Please reply in the comments with things you understood recently. The only condition is that they have to be useless in your daily life. For example, "I found this idea that defeats procrastination" doesn't count, because it sounds useful and you might be deluded about its truth. Whereas "I figured out how construction cranes are constructed" qualifies, because you aren't likely to use it and it will stay true tomorrow.

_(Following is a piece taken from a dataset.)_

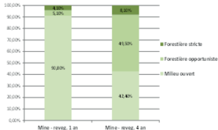
Figure 3 : Pourcentage d'occurrences de types de fourmis sur les sites revégétalisés d'âges différents

Autre constat, 90% des individus collectés sur le plus jeune site revégétalisé appartiennent aux espèces Solenopsis saevissima et Pheidole jelskii. Ce qui n'est pas surprenant, puisqu'elles sont caractéristiques des milieux ouverts. Mais après quatre ans, elles ne représentent plus qu'environ 1/3 des échantillons. Les deux autres tiers sont principalement des fourmis dites « forestières opportunistes », les premières de la forêt à coloniser de nouveaux milieux et qui sont souvent caractéristiques de forêts secondaires ayant subi de fortes perturbations. Elles appartiennent à un grand nombre d'espèces parmi lesquelles Campo-

I'll start. Today I understood how Heyting algebras work as a model for intuitionistic logic. The main idea is that you represent sentences as shapes. So you might have two sentences A and B shown as two circles, then "A and B" is their intersection, "A or B" is their union, etc. But "A implies B" doesn't mean one circle lies inside the other, as you might think! Instead it's a shape too, consisting of all points that lie outside A or inside B (or both). There were some other details about closed and open sets, but these didn't cause a problem for me, while "A implies B" made me stumble for some reason. I probably won't use Heyting algebras for anything ever, but it was pretty fun to figure out.
Your turn!
PS: please don't feel pressured to post something super advanced. It's really, honestly okay to post basic things, like why a stream of tap water narrows as it falls, or why the sky is blue (though I don't claim to understand that one :-))
For a long time it was odd to me that cacti have lots of spikes and big thorns. I supposed that the goal was to ward off big ruminants like cows, but that doesn't really make much sense, since the desert isn't really overflowing with big animals that eat a lot of plants.
It turns out that protection from predators is only a secondary goal. The main goal is protection from the environment. The spikes capture and slow the air moving around the plant, to preserve moisture and protect against the heat.
Hang on, I'm not sure I buy it. Why are they so thin, hard and sharp then? Some kind of fuzz or flat leaves would work better.